Here´s a link to the guidance: https://app.dataquest.io/m/348/guided-project%3A-clean-and-analyze-employee-exit-surveys/11/next-steps

And here´s my project:
Clean and Analyze Employee Exit Surveys.ipynb (632.6 KB)

Click here to view the jupyter notebook file in a new tab

5 Likes

It was amazing to read your project, the graphs are a huge improve it make the results clearer. I saw some pandas methods and functions that i didn’t know before. Nice one, keep the good work

Good luck!

2 Likes

Thank you!
Frankly speaking, I used quite some functions and methods that I hadn’t known before. I was just looking for similar problems at Stackoverflow and adjusting the solutions to my case and checking the documentation to get a better understanding of the proposed solutions.
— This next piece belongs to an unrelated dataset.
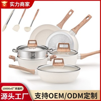 锅具套装不粘锅花岗岩全套家用电磁炉燃气灶通用炒锅12件套

All of the above takes time, that’s why sometimes it seemed that I was not going to finish the project ever😂

Hi @ksenia.kustanovich! I like the graph you made. It looks so professional!!
I have a difficultly in understanding the code you do for the graph. Hope you can interpret it … thank you!!

1,`cat_abs = combined.pivot_table(index='service_cat',values='dissatisfied', aggfunc=lambda x: len(x)).reset_index()` What does `lambda x: len(x)`mean here?

2,I like the way you show the annotation on the bar chart.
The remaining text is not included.